Seriously no one has any ideas ? No one has done this


----------



## pumpkinpie (Jul 9, 2011)

Just saw this, I've seen a couple OZ references before but not sure where. Give me some time to see what I can find...great theme by the way


----------



## HKitten (Sep 20, 2009)

I love this idea  the clock you're thinking of is called an hourglass, try searching ebay for them, you might not find a replica but you could probably find something with red sand and then maybe paint the outside!


You could do the yellow brick road starting at the end of your driveway or front garden, and leading into the house and into each room - you could use yellow fabric for this indoors, and yellow chalk outside.


Hm.... then indoors you could theme each room around each character or place in the movie? Like Scarecrows field, the Tinman in the woods, the Emerald City...


----------



## offmymeds (May 26, 2010)

you must have flying monkeys


----------



## pumpkinpie (Jul 9, 2011)

There's a tutorial on pinterest for making an hourglass out of 2 (2 liter soda bottle tops glued together, add red sand and glue on some foam board or wooden disks for ends

The flying monkeys would be great climbing on the house you could use kids costumes or for a more bugbet friendly option cut outs (also on pinterest)
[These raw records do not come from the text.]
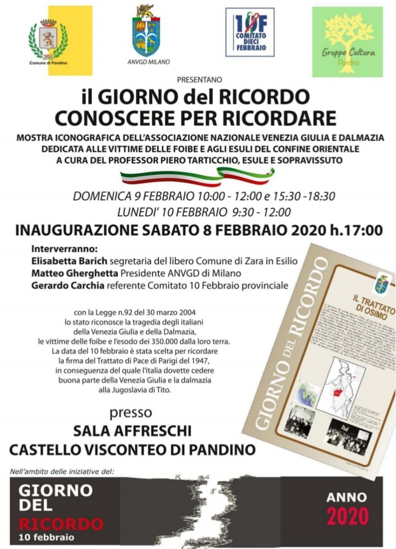 Il Giorno del Ricordo Conoscere per ricordare - inaugurazione sabato 8 febbraio 2020 ore 17.00 presso sala affreschi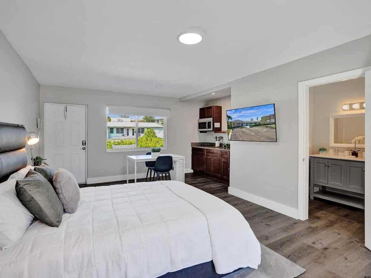 The advertised rate of $2,933/month is the lowest available price, based on a 30 day(s) stay with a move-in date of August 2, 2026. Rates vary depending on the duration of stay, season, and other parameters. For exact pricing and additional pricing components, please visit our website and enter your desired move-in and move-out dates. The rate is applicable when billed upfront; it can be higher if billed in multiple payments. Feel at home in this cozy studio apartment in Pelican Cove, just steps from Pompano Beach on a quiet street. This thoughtfully designed unit features a well-equipped kitchenette with a coffee maker, toaster, microwave, and refrigerator, inviting living spaces, and a private bathroom stocked with fresh towels and basic toiletries. Entertainment is provided by a smart TV with streaming capabilities and complimentary high-speed Wi-Fi. The sleeping area boasts a comfortable bed with premium linens. Enjoy a private back patio for relaxation or dining al fresco, and the front turf area offers communal seating. One guaranteed parking spot on-site is included, accommodating standard-size personal vehicles. If you would like to bring a pet, you must inquire before booking regarding breed limitations and agree to the pet policy. There is a $100 non-refundable fee per pet. Located on a quiet street, this apartment is just a short stroll from the pristine sands of Pompano Beach, allowing easy access to sun, sand, and surf. Nearby attractions include Pompano Beach Pier, Hillsboro Inlet Lighthouse, and Pompano Citi Centre. Top-rated restaurants nearby include The Rusty Hook Tavern, Cafe Maxx, and Houston's. Attractions within driving distance include Butterfly World, Isle Casino Racing Pompano Park, and Fern Forest Nature Center. Occupancy limits are strictly enforced per city ordinance, and full legal names of guests must be provided upon booking. Only standard-size personal vehicles are permitted, and no trailers, boats, vessels, recreational vehicles, buses, box trucks, oversize, or commercial vehicles are allowed, with a $500 fine for violation. No parties, events, or gatherings are allowed, and any guest found to be having a party will be required to leave immediately without a refund, with a $500 fine for violation. Quiet hours are from 10 PM to 9 AM, and any noise complaint will result in a $500 fine. No indoor smoking is allowed, with a $500 fine for violation. Guests must send a photo of a valid ID that matches the name on the reservation via message before receiving check-in instructions. It is unlawful for a sexual offender or sexual predator to occupy this residence. Crypto mining or similar activities are not allowed. Any guest who would like to have packages delivered must first obtain permission. No packages may be delivered to the property outside of the guest’s booked and paid reservation dates. Do not adjust any mounted TVs. There is a $1000 fine for unplugging, moving, or any alteration of the security cameras or any of its cords, base station, or any other parts/apparatus. Please note that the partner will place a $350 refundable authorization hold on a credit or debit card about 72 hours before arrival for security. If damages or policy violations occur, related charges may apply; otherwise, the hold is released after checkout and processed within 5-7 business days.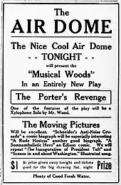 - ↑ "Air Dome" advertisement, The Log-Cabin Democrat (Conway, Arkansas), 14 July 1909, p. 1; digital copy of newspaper page, "Chronicling America: Historic American Newspapers", Library of Congress, Washington, D.C., online reference co-sponsored by the National Endowment for the Humanities. Retrieved 2 September 2021.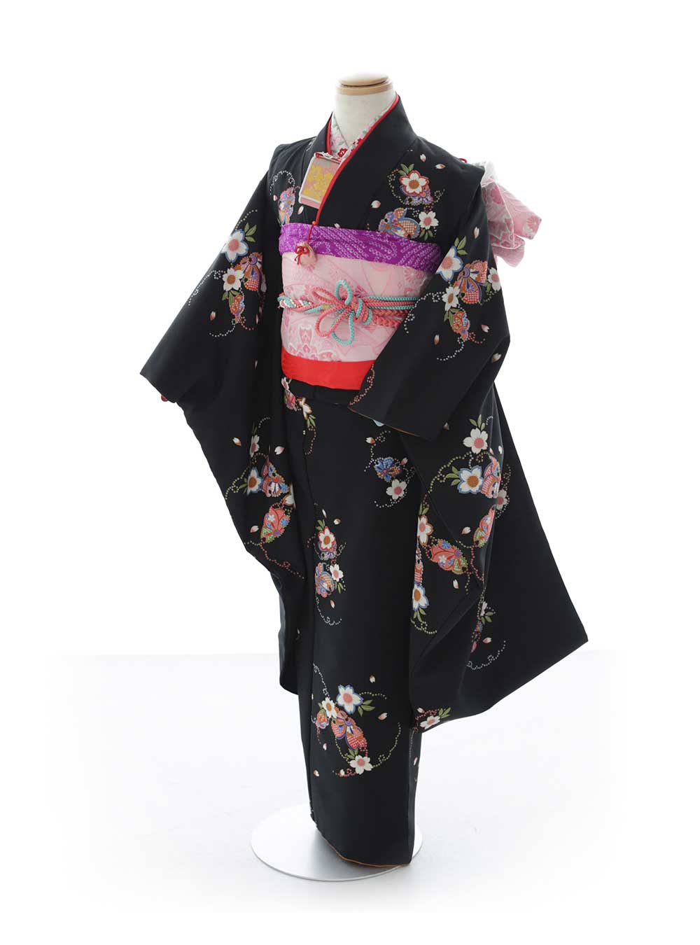 黒地がシックな印象の古典柄の着物です。黒を基調としており柄も少なくシンプルです。全体的にかっこよくクールな印象ですが小さなお花や花びらが可愛らしく色味もピンクや赤が使われているので女の子らしさも感じられます。 落ち着いた上品な雰囲気が好きな方におすすめ。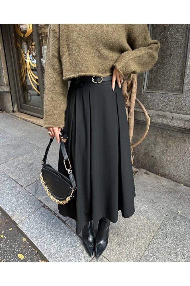 - ürün boyu 85cm'dir. Şık ve modern tasarımıyla dikkat çeken kemerli kloş etek, genç ve dinamik tarzınızı yansıtır.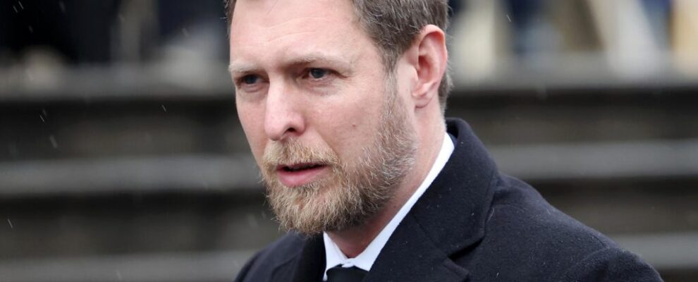 Homem de terno e gravata com barba, em close-up, com escadas ao fundo.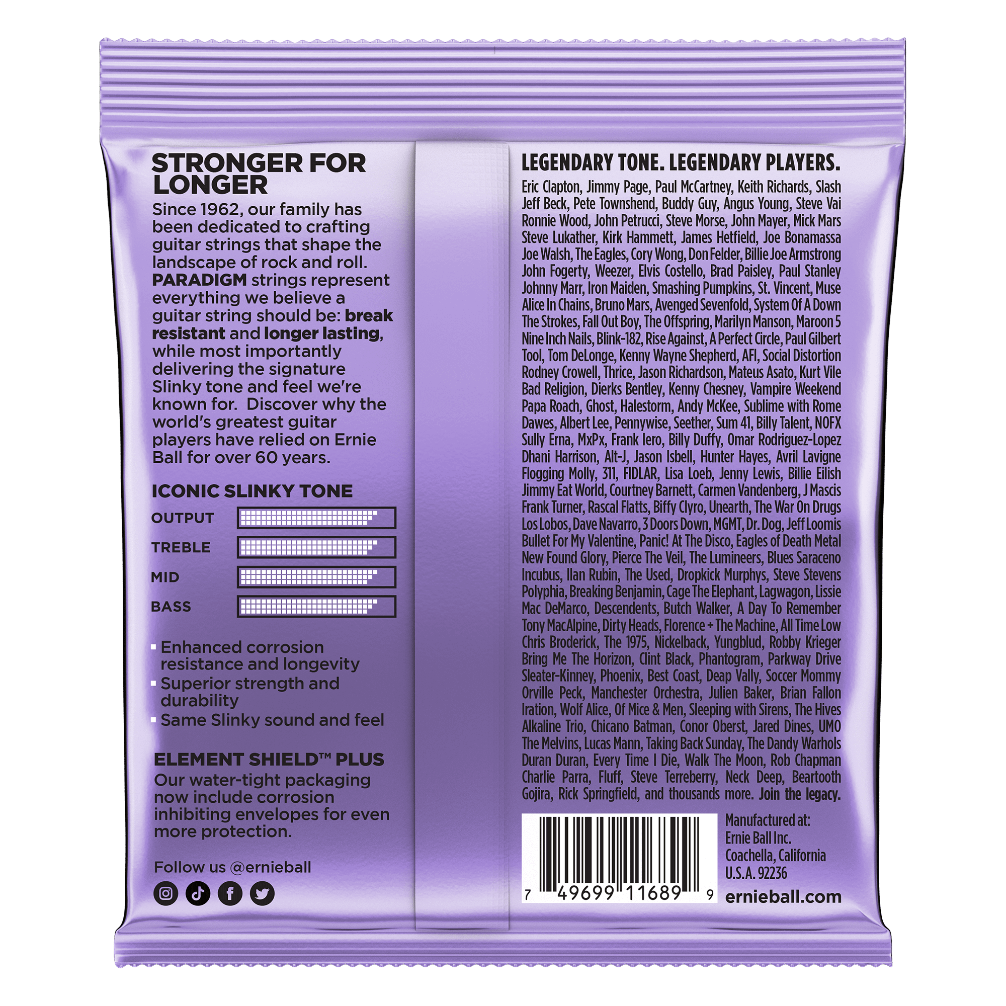 Ernie Ball Slinky Paradigm Electric guitar strings provide unprecedented strength and longer life while retaining 100% Slinky tone and feel. Ernie Ball's industry leading ultra-high strength steel is included in both the wound and plain strings along with a patented reinforcement at the ball end twist of each plain string to provide superior tensile and fatigue strength for strings that lock into tune fast and hold up under the most stressful playing styles and conditions. The coupling of Ernie Ball's Everlast nanotreatment with breakthrough plasma enhanced wrap wire provides added corrosion resistance and reduced accumulation of tone-robbing buildup and debris. Experience the first set of longer lasting strings that are worth playing with all benefits and no compromises. Gauges .011, .014, .018p, .028, .038, .048

Other things I thought of was

A poppy field (made of tissue paper)
The witches legs under the house
You could have the scarecrow with his stuffing all torn out so it's a little creepier
Green lights 
There are loads of tutorials for lollipops made from pool noodles if you want to reference the lollipop guild

I may need to watch the movie, sadly I can't remember much


----------



## LadySherry (Oct 4, 2011)

This is a great theme.
all above are must I did think of a couple of more

Melt trash bags into a pile with a pail of water next to it with broom stick and witch hat on top of melt.
Dorothy's basket and tinman's oil can.
and of course you should have the wizard and his curtain or even the projection. Also include the heart and diploma and badge of courage.


----------



## Guest (Jul 30, 2013)

milosalem00 said:


> Seriously no one has any ideas ? No one has done this


Are you wanting to decorate like the castle the Witch lived in? From the original movies or the new?
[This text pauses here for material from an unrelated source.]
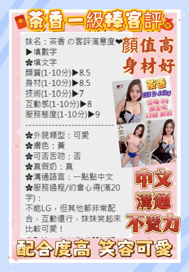 茶香-身高156/體重44/罩杯D/馬來西亞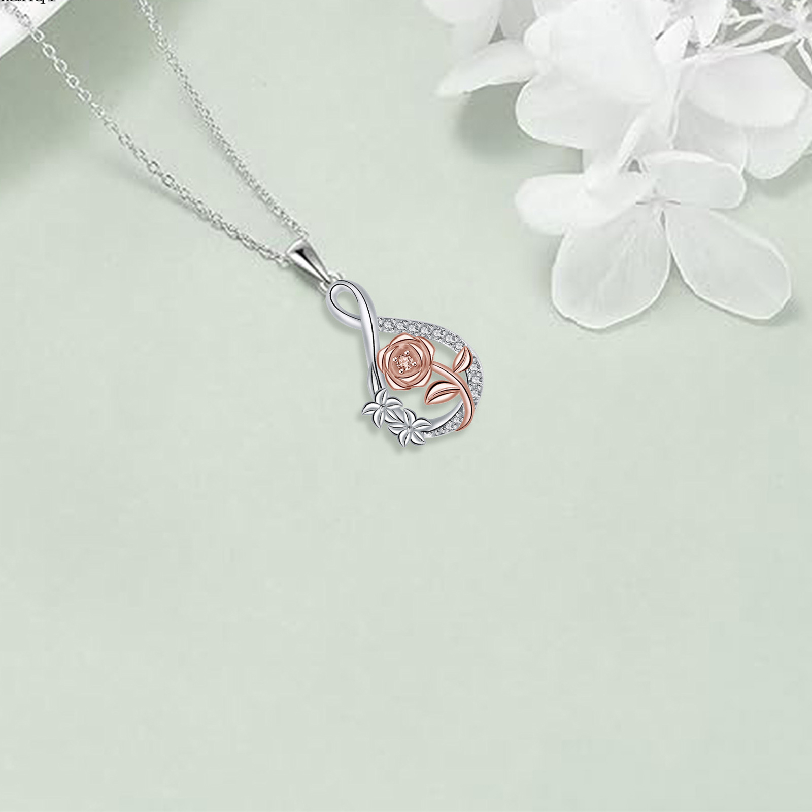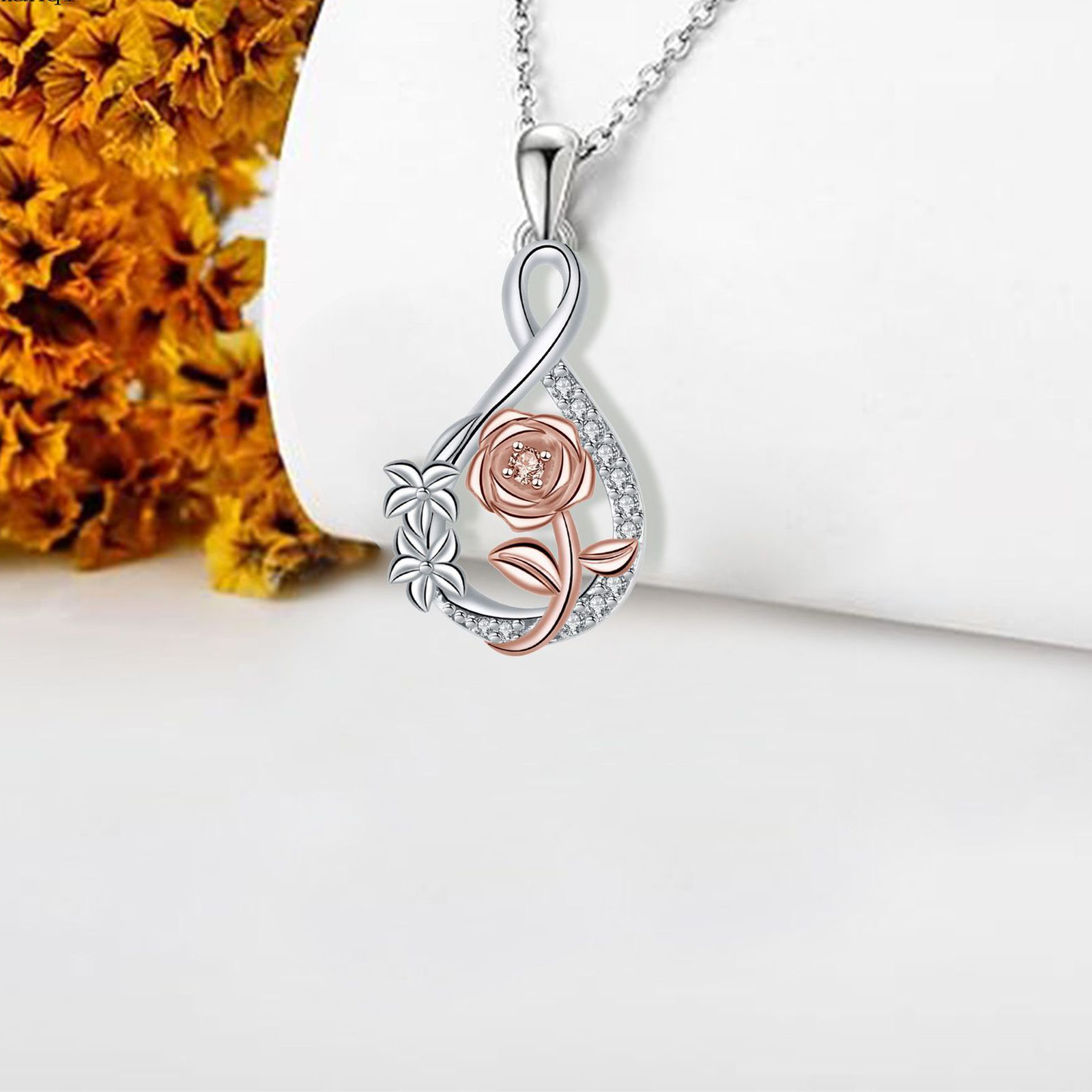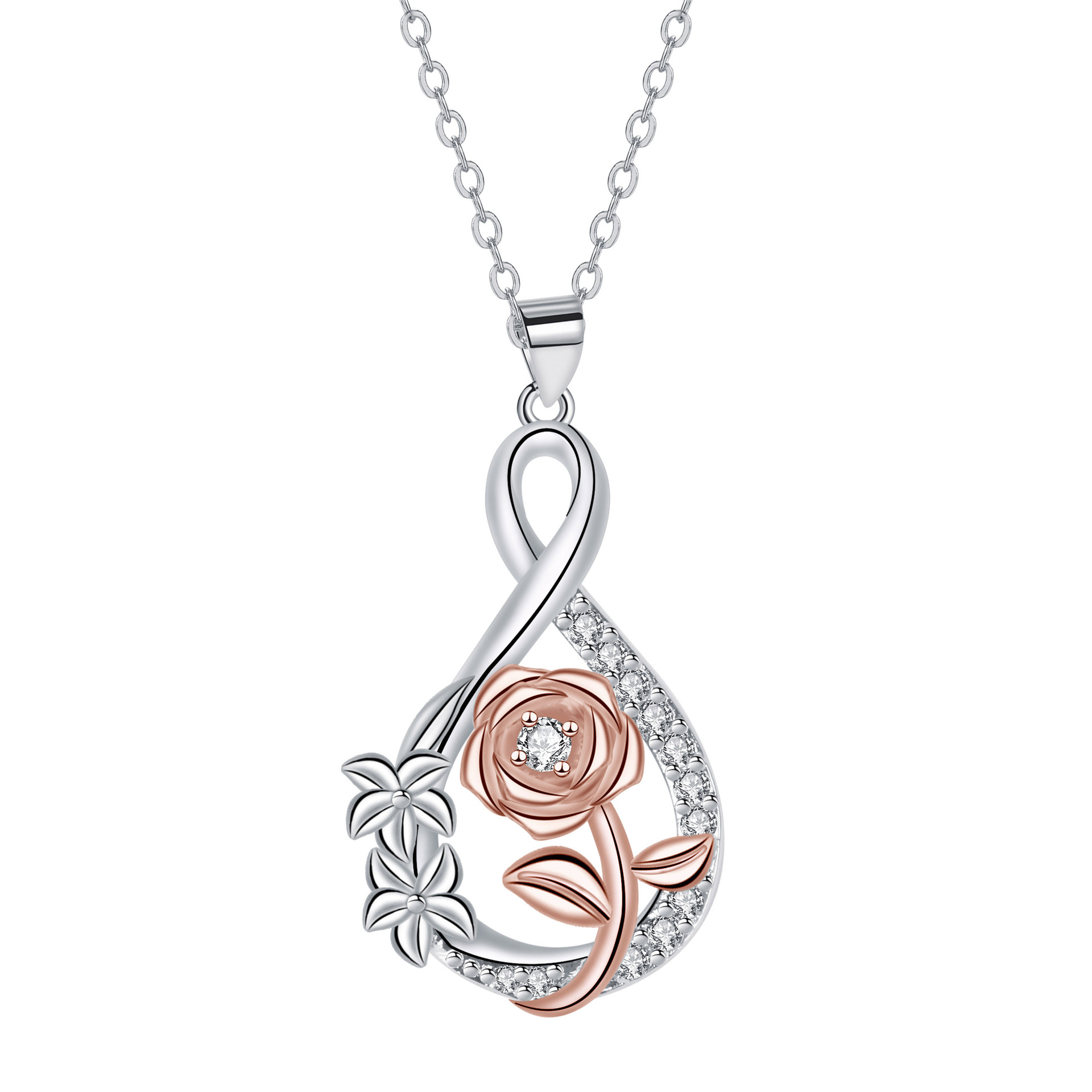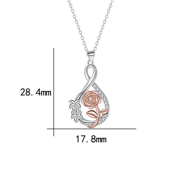 Brass Necklace, with 304 Stainless Steel Chain, with 5cm extender chain, Rose, plated, cross chain & Mother Day Jewelry & micro pave cubic zirconia & for woman, Length:Approx 45 cm, Sold By PC

I didn't see the new yet. All I remember from the original was:

1. Haunted forest outside the castle with the "I'd turn back if I were you!" sign.

2. Drawbridge

3 Soldiers guarding castle marching

4. Monkeys

5. Dungeon/room Dorothy was locked in with hourglass

6. Stone flooring, steps, and walls. Flaming torches on walls, bucket of water

7. Crystal ball witch used. Grandin Road has one in their previews and maybe selling one.

http://www.andrewgarvey.com/wizard/characters/TheflyingmonkeysProfile.html Here is a pic of a red curtain and some large open books behind the witch.
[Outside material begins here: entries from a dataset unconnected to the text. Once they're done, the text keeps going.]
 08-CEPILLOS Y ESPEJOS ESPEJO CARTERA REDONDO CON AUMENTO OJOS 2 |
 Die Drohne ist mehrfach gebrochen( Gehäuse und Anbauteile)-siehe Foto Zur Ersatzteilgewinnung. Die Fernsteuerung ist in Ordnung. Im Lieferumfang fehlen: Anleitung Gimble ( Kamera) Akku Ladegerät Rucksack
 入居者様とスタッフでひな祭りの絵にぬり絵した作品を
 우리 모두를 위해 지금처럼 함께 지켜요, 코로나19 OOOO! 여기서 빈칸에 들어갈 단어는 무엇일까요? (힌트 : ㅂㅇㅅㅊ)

I would watch the parts of the movies when Dorothy is in the castle and look at the witches' room decor. I saw a huge bird statue behind her in one pic I found. maybe there are details you can find to flesh out your vision!

I'd def make a haunted forest outside my door and try to get the track of the guards marching and chanting to play as the guests approach.


----------



## Guest (Jul 30, 2013)

double post


----------



## CCdalek (May 25, 2012)

This sounds like an interesting and awesome theme. I can't think of any ideas right now, but if I come up with anything I will let you know.


----------



## offmymeds (May 26, 2010)

you could add some wings to something like this


----------



## Guest (Jul 30, 2013)

http://www.buycostumes.com/p/805619/wizard-of-oz-haunted-forest-sign

Wizard Of Oz -Haunted Forest Sign


The Wizard Of Oz -Haunted Forest Sign includes sign. This is an officially licensed Wizard of Oz product.

$14.99


more stuff from Buycostumes.com

http://www.buycostumes.com/c/decorations-party/_/N-6j/Ntt-wizard+of+oz



Guy who did your theme- sort of- good pics

http://surfcityfamily.wordpress.com/2012/10/31/halloween-house-in-fountain-valley/



Etsy page of Wizard of OZ http://www.etsy.com/search/?includes[0]=tags&search_query=wizard+of+oz+decorations&page=1

Etsy page Wicked Witch of West http://www.etsy.com/search?q=wicked...0]=tags&search_query=wizard of oz decorations


----------



## milosalem00 (Feb 4, 2012)

Classic OZ theme. I am being the wicked witch. I have that licensed OZ costume ( last year I was tin man, the year before Dorothy). I would like to make the outside of my house look kinda witches castle and creepy. I have three full sized walgreens skeleton's but I dont have the lion,tinman ( man costume) or scarecrow to dress them in. I thought about making them stand some how, and have them just be skeletons like I got them. I have the Dorothy outfit to throw onto one like skeleton Dorothy. I thought about making like tomb stones with Dorothy,Lion,Scarecrow, Lion on them. I do need my decor to be fairly cost effective, I just spend all my money on Boney Bunch and Hallmark Ornaments ( there are 6 OZ hallmark ornaments this year). I appreciate the idea's so far. I saw a few things online but they all seemed really hard to do or really expensive. I appreciate all thoughts. 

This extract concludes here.